▸ Task to carry out
Within the entries below, please return exactly the lines from the one with "縦に入ったCOLONY 21" through the one with "登升 PU558 十三针涤纶印花PU涂掌手套(四花色)", leaving out any pictures.
++++ Data shown ++++
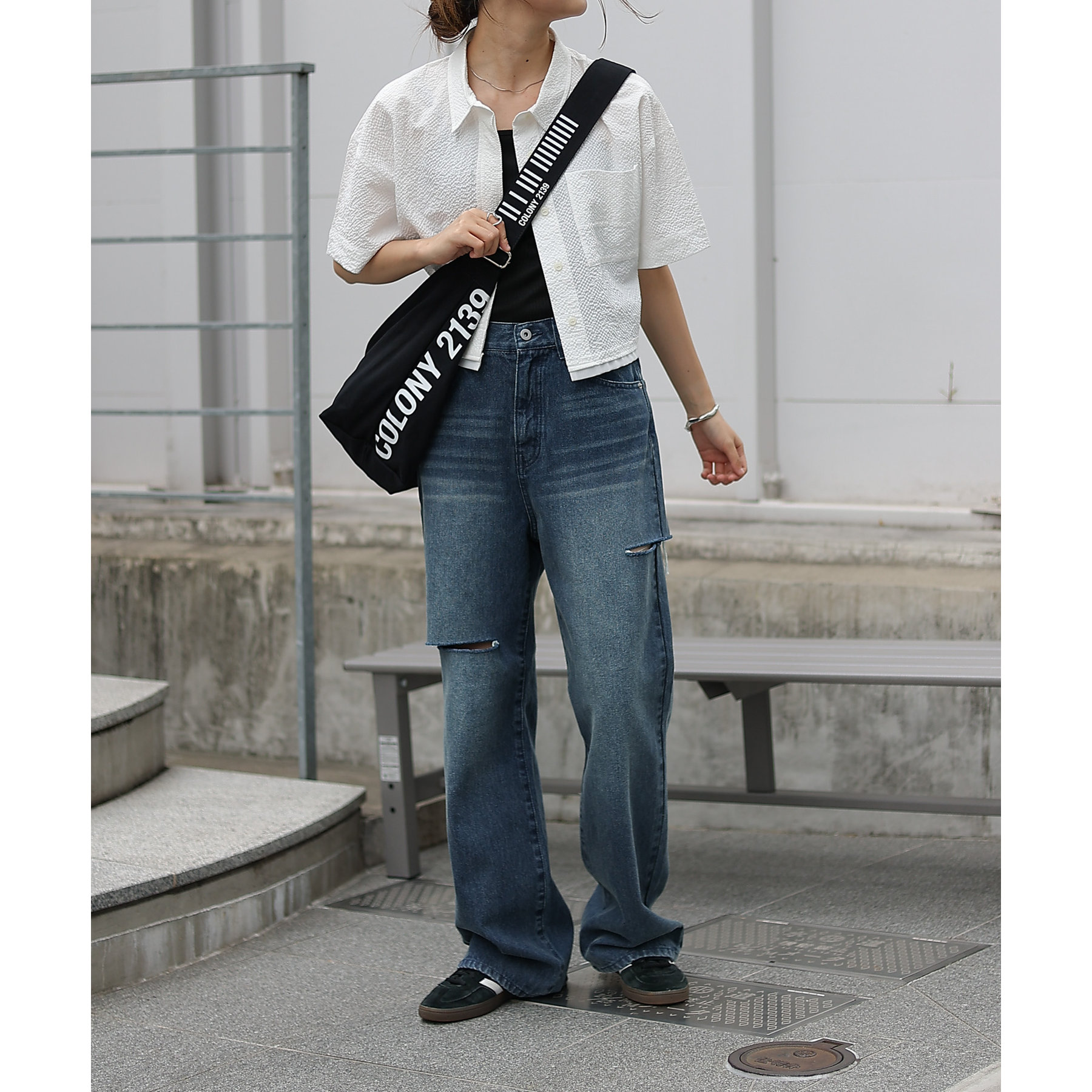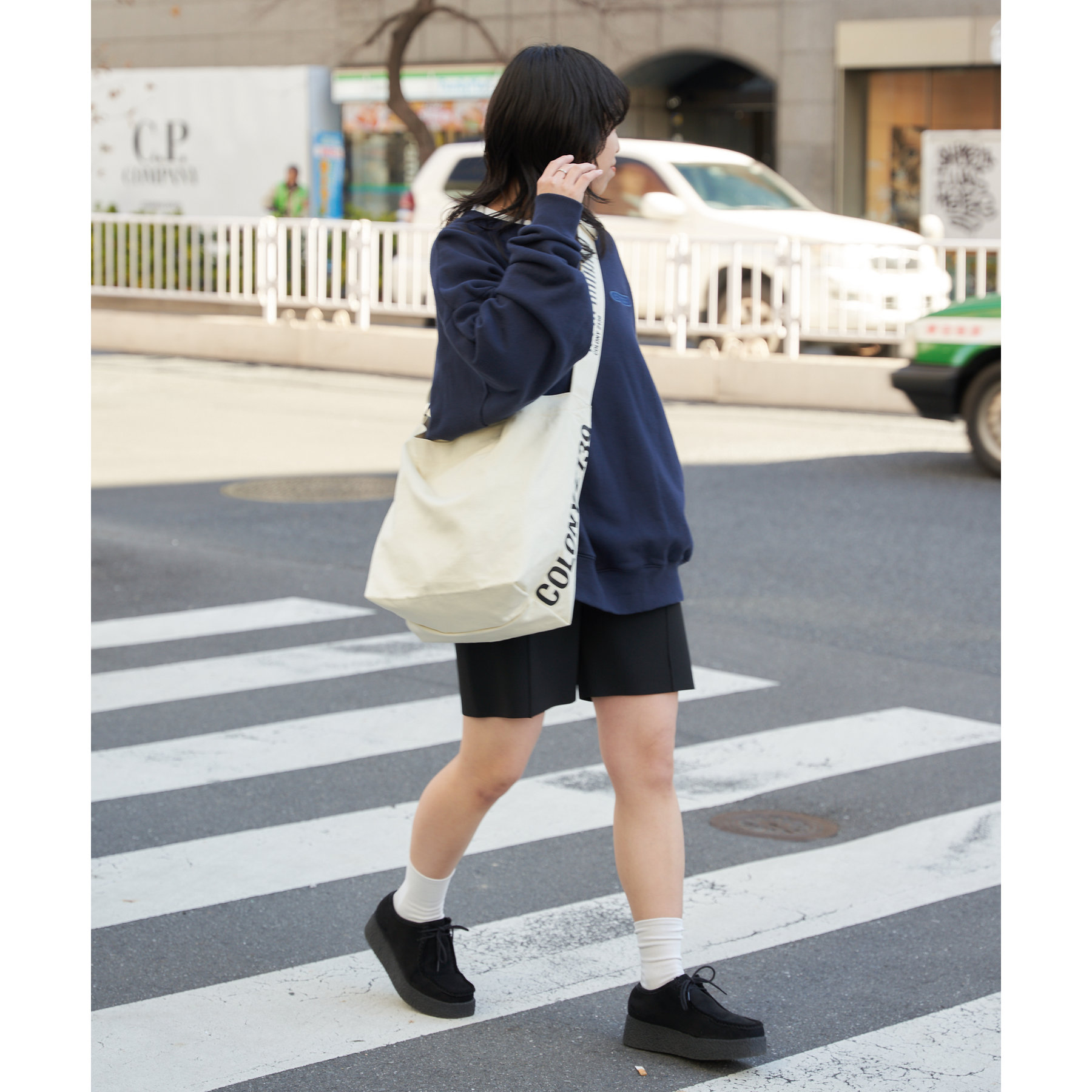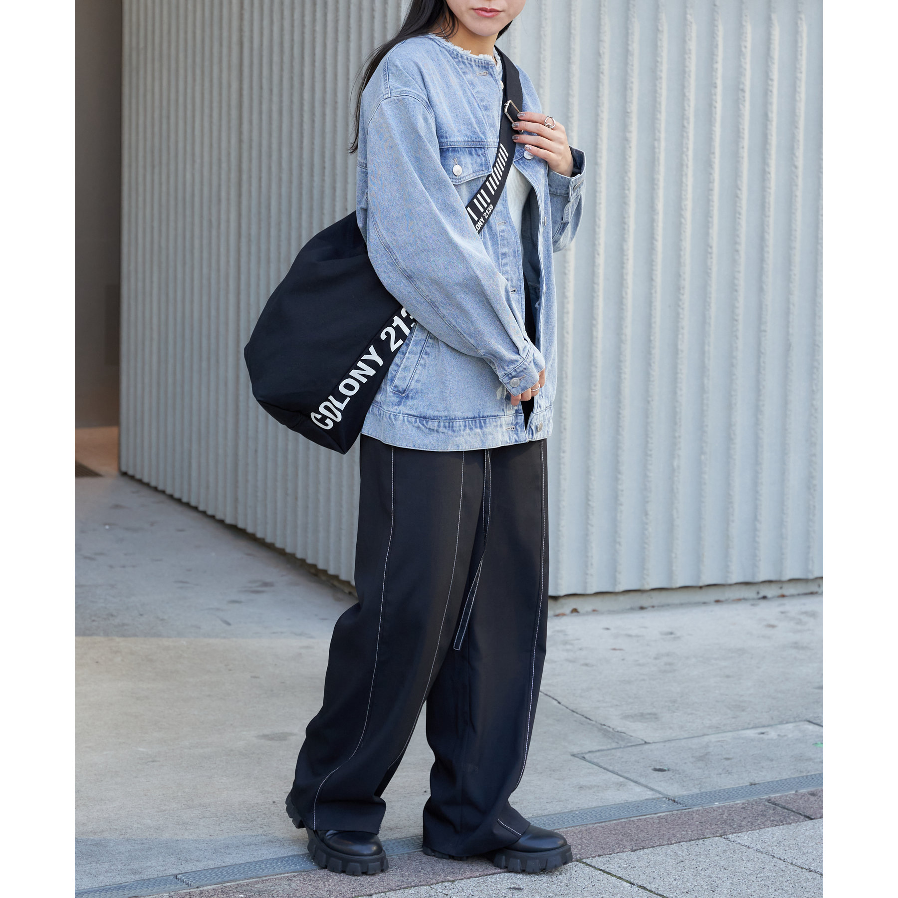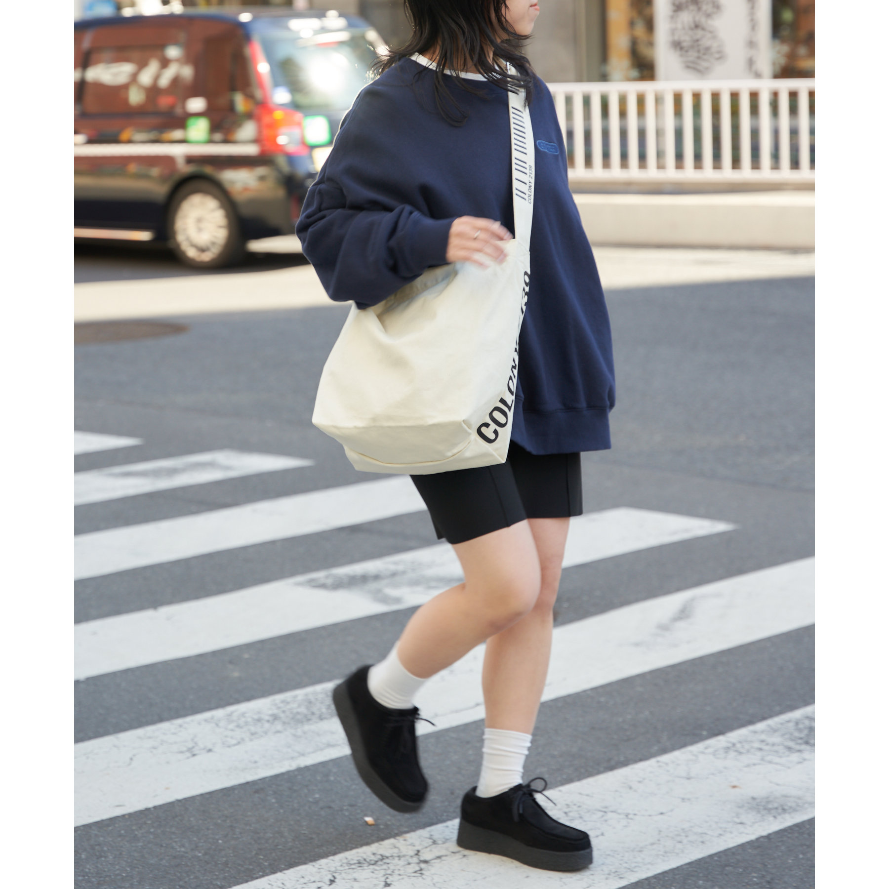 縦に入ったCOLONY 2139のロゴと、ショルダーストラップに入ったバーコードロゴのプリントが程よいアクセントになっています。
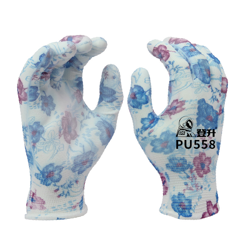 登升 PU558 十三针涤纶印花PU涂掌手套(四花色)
++++
++++ Data shown ++++
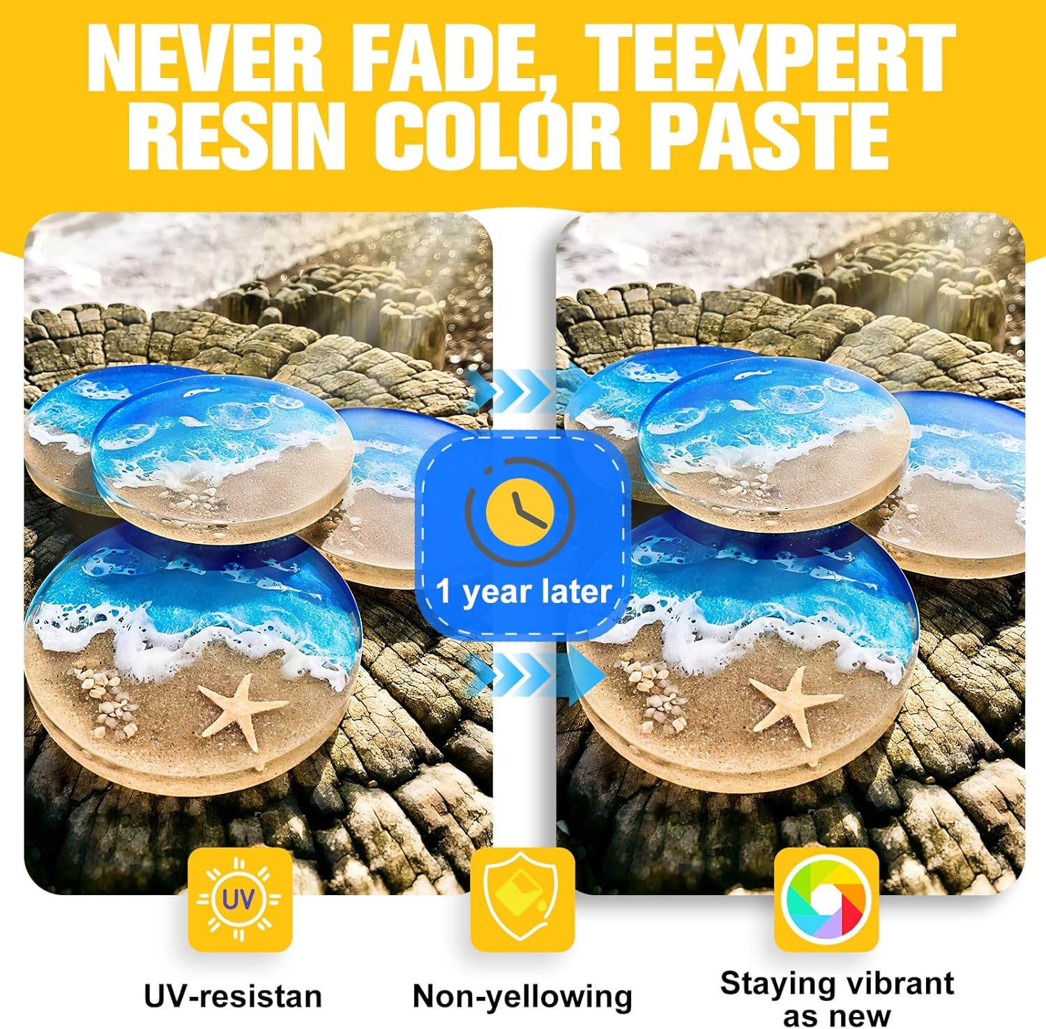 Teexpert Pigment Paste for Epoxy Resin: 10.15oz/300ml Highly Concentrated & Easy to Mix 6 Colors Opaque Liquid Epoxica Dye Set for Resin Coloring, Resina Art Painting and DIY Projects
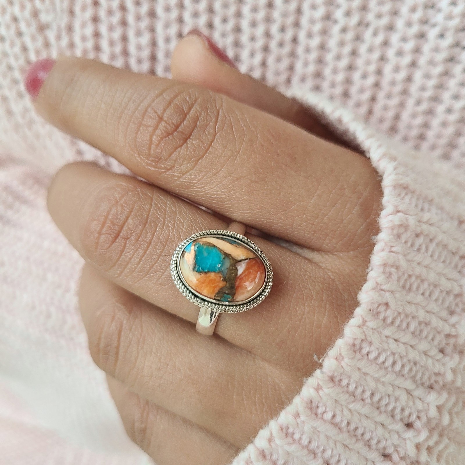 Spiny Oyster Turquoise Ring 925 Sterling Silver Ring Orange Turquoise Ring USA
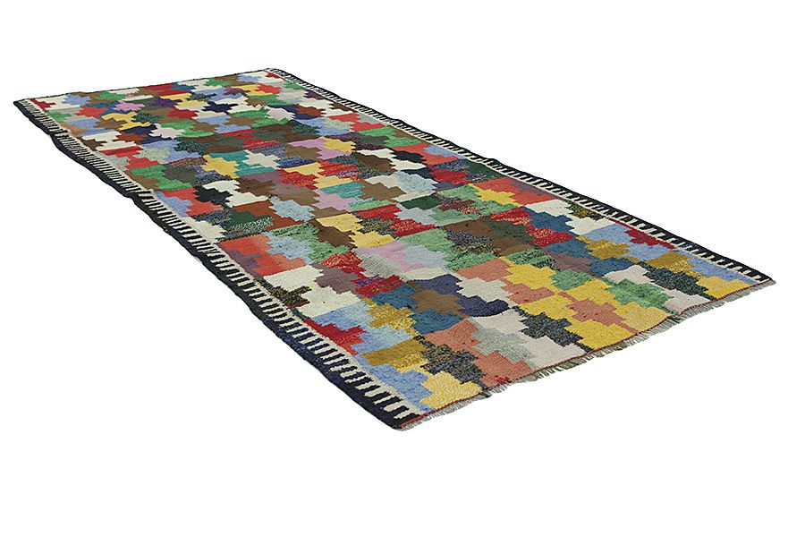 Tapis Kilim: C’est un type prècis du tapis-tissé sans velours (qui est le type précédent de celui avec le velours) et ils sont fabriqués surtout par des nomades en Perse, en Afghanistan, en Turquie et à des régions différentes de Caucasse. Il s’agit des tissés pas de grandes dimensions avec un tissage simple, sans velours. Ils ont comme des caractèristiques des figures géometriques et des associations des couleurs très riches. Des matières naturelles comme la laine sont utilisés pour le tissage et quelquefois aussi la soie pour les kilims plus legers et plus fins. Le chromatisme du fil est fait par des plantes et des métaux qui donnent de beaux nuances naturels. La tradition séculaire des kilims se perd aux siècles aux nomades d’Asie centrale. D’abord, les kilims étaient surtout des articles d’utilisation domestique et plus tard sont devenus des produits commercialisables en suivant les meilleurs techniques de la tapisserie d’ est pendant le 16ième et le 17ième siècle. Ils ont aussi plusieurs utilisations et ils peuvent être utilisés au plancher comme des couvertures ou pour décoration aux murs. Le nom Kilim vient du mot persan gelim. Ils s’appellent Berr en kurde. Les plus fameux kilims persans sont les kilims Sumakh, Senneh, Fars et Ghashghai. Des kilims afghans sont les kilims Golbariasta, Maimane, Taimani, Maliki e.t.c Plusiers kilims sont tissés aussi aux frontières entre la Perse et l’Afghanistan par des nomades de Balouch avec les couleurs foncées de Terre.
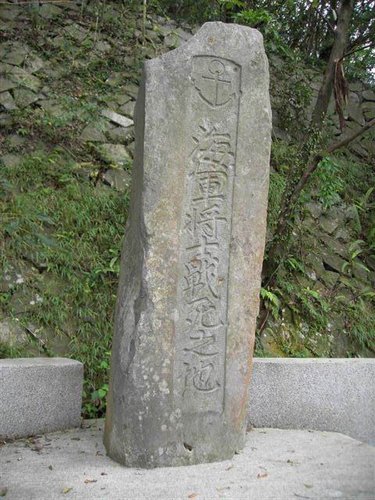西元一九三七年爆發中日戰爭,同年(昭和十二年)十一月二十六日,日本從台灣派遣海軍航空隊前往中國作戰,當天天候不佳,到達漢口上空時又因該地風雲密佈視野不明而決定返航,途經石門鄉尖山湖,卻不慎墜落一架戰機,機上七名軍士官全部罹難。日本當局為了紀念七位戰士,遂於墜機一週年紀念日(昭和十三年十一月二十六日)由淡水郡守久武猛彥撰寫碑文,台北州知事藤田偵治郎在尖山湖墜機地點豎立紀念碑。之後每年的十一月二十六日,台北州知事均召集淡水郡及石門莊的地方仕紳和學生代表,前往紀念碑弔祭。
++++
▸ Expected output
 縦に入ったCOLONY 2139のロゴと、ショルダーストラップに入ったバーコードロゴのプリントが程よいアクセントになっています。
 登升 PU558 十三针涤纶印花PU涂掌手套(四花色)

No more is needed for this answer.